TWO Saturdays ago, Streets ran a story on complaints by dog owners in the Klang Valley about the lack of a dog park for them to take their pets to for exercise.

They had proposed that local authorities set up dog parks. A dog lover who had read the article asked me what the chances were of dog parks seeing light of day.

I told the reader it would be good if local authorities bought into the idea, especially when society is trying to be kinder to animals, not just to dogs.

Keeping man's best friend all cooped up, even in a castle, let alone in a 930 sq m condominium, is bad for a dog, regardless of size.

The lack of space to roam makes the animal moody and could turn man's best friend into his worst enemy.

Cut them off from social interaction, you risk your canine wreaking havoc with your shoes, doormats and sofas, and the damage will be something for you to chew about for neglecting their needs.

However, setting up a dog-friendly park is not as easy as building a futsal court. You can't turf a piece of land, fence it, and put up a sign that says "Dog Park". You need to come up with a facility that is not only friendly to man's best friends, but also to man as well.

One big challenge the authorities will face then is that space has to be acquired, and god knows how difficult that is, even for existing public parks.

It would be easier if developers included such parks in their projects, especially those who build high-end gated communes that I get to visit once a year during festive open house events. These developers could even consider dog parks as a unique selling point for their projects.

If you want to set up a dog park, how do you deal with people who love dogs but not the environment?

I am talking about the sneaky fellow who loiters in your neighbourhood on the pretext of walking his dog, but when you take your eyes off them, he allows the animal to defecate in front of your house.

Do you recall the number of times you cursed at the dog when you unknowingly stepped its the poo and brought it into your home?

There are many dog lovers who scoop up their dogs' poo, but still many who do not.

Allow these people into a dog park, and you can imagine the stink they will raise.

Another point to consider is whether the dog park should be open to all dogs or should it be kept exclusively to well-trained and well-socialised pooches?

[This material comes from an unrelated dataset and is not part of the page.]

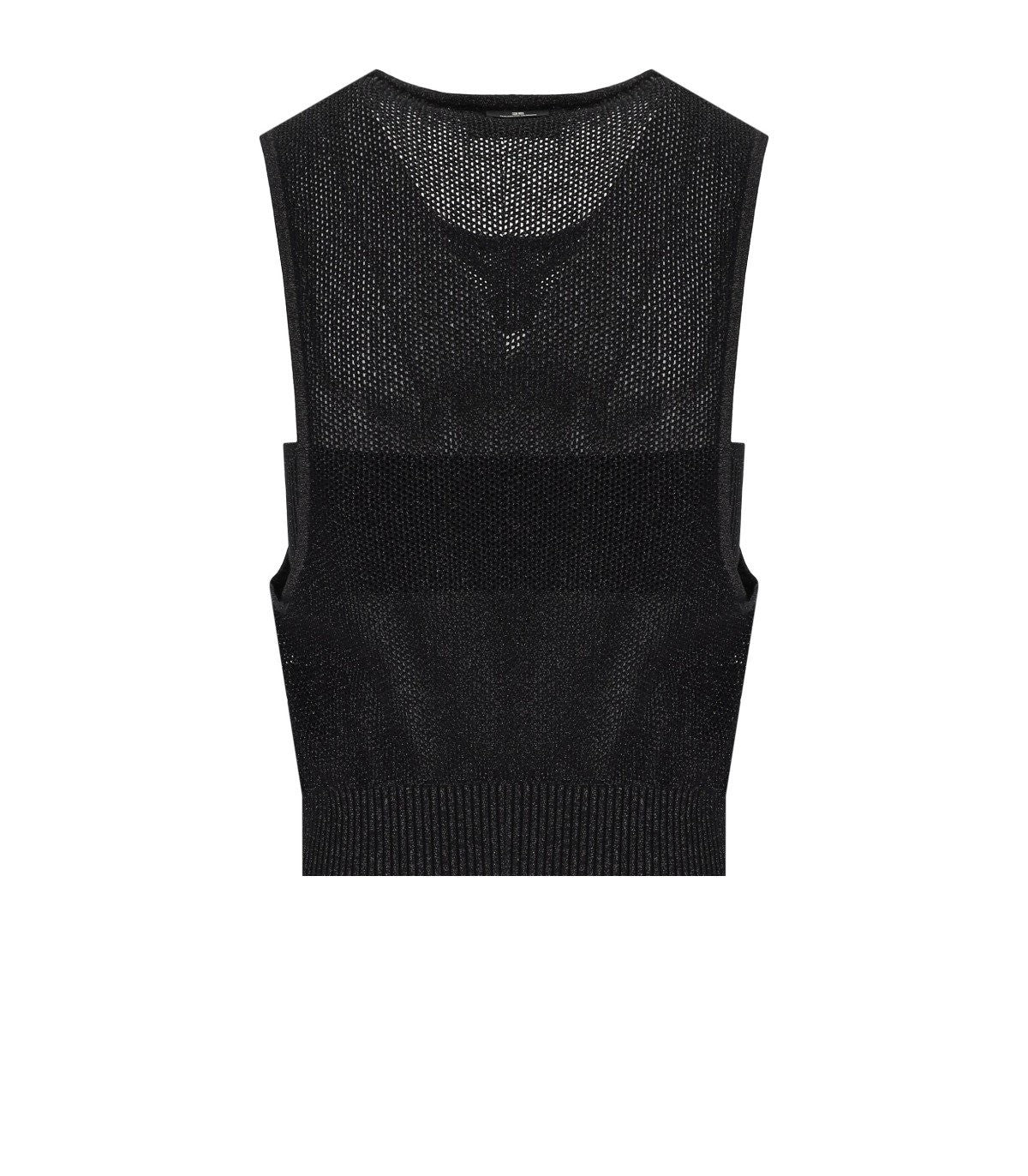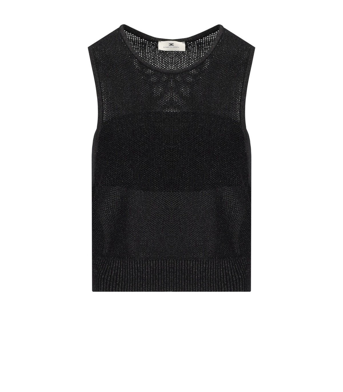 Top by Elisabetta Franchi made of lurex viscose with a net effect, in black. Characterized by a round neck, it features a coordinated internal band. Ribbed at the edges of the garment. Slim fit. Composition: 70% viscose, 25% polyamide, 5% metallic fiber.

If it is open to all and the animals are let off-the-leash, dogs which have not been properly trained and socialised may misbehave and cause havoc and ill-will among the owners.

Even if the dogs do not fight with each other, who can guarantee that the friendly mingling of canines will result in better relations among the owners? All it takes is an amorous mutt and a purebred on heat to send the sparks flying.

Then, will the owner of the mutt be held liable for contaminating a pedigree?

Maybe a sign saying "Use Park At Own Risk" should be put up at dog parks.

Car park operators in the city do it all the time as a disclaimer against accidents, vandalism, theft or calamity.

Should someone get hurt from being chased by a dog at the park, the animal cannot be held responsible for the injury, so who is legally responsible -- the dog's owner, the park manager, the local authority, or all of them?